TEDxUCLA 2018: Waves

It begins with every bite

by

About Matthew

Matthew Prescott is the author of Food Is the Solution: What to Eat to Save the World. He’s Senior Director of Food Policy for The Humane Society of the United States, an advisor to the Good Food Institute, and a leading figure in the global movement to reform how we farm and eat. A sought-after speaker and thought leader, Prescott has spent over a decade and a half sharing his ideas with Ivy League universities, Fortune 500 companies, consumers, and more. His work has helped lead to sweeping changes in the supply chains of hundreds of major food companies, impacted countless individuals’ diets, and has been covered extensively by the media: his work has been featured by CNN, in the pages of the New York Times, the Wall Street Journal, USA Today, the Boston Globe, and countless more; he’s been published in FORTUNE, the Washington Post, Barron’s and others; his photographs have appeared in Rolling Stone and Food & Wine; and he was even once a guest on NPR’s Wait Wait…Don’t Tell Me.

Transcript

All right, who’s still hungry in here? Oh, a lot of hungry people.

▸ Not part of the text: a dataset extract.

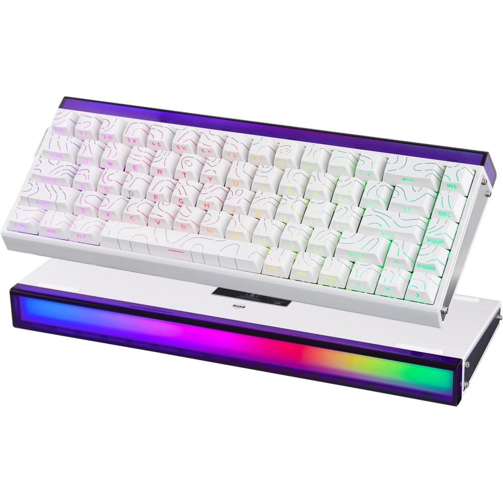 imageEPOMAKER Aula Hero 68 HE Wired Magnetic Gaming Keyboard 001mm Adjustable Actuation Rapid Hall Effect Switch 8kHz Polling 5Layer Sound Dampening RGB Box ampamp Backlight PurpleWhite Topographic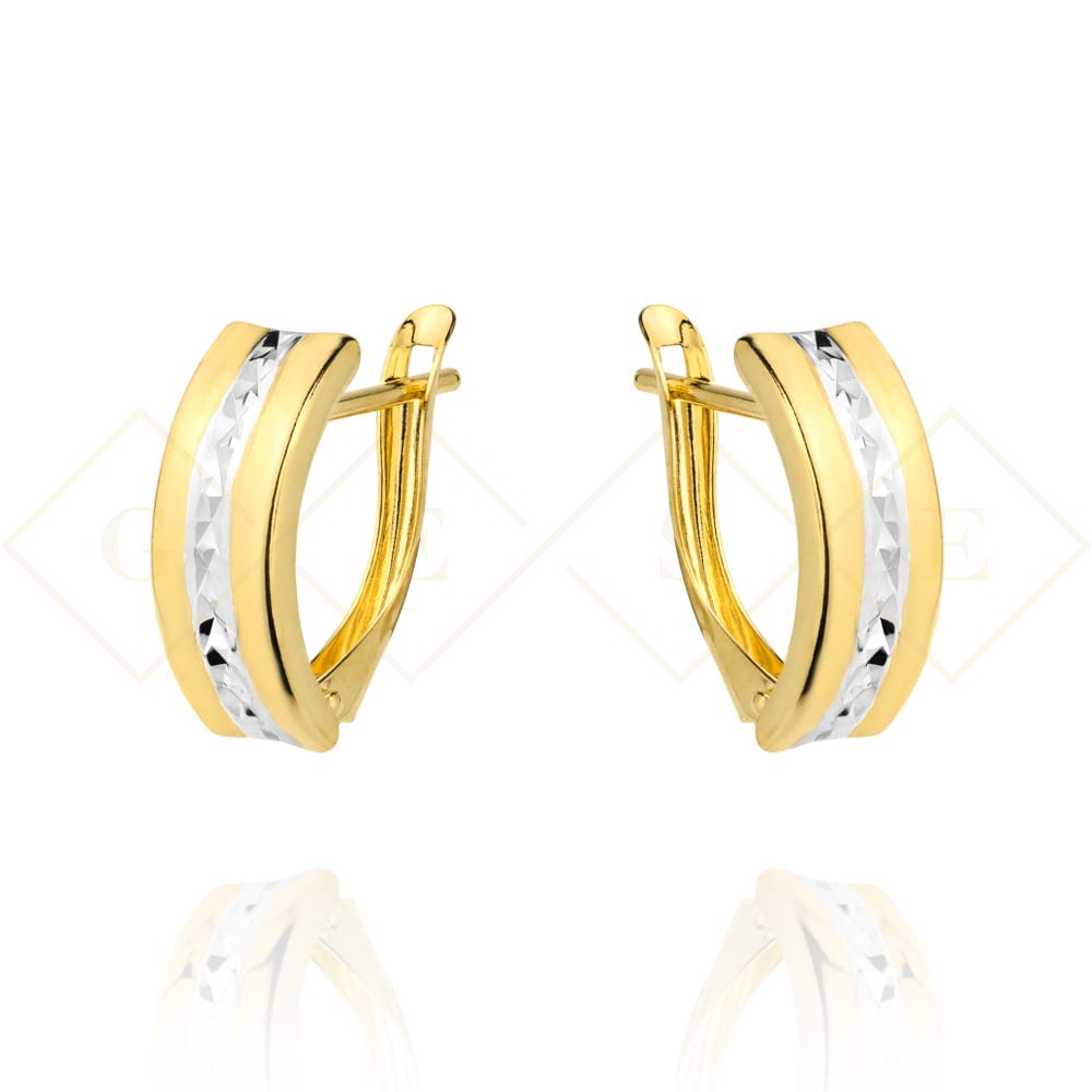 Kolczyki złote diamentowane na środku dwa kolory złota

All right, well fortunately I’ve got with me a breakfast sandwich here. Pretty simple breakfast sandwich. I know, it looks good doesn’t it? Cheese, sausage, and eggs. Anybody want to eat this, any takers? All right. Well you, sir, are gonna be the lucky recipient of this breakfast sandwich. I’ll get it to you after, I’ve just gotta do one thing first so bear with me, okay?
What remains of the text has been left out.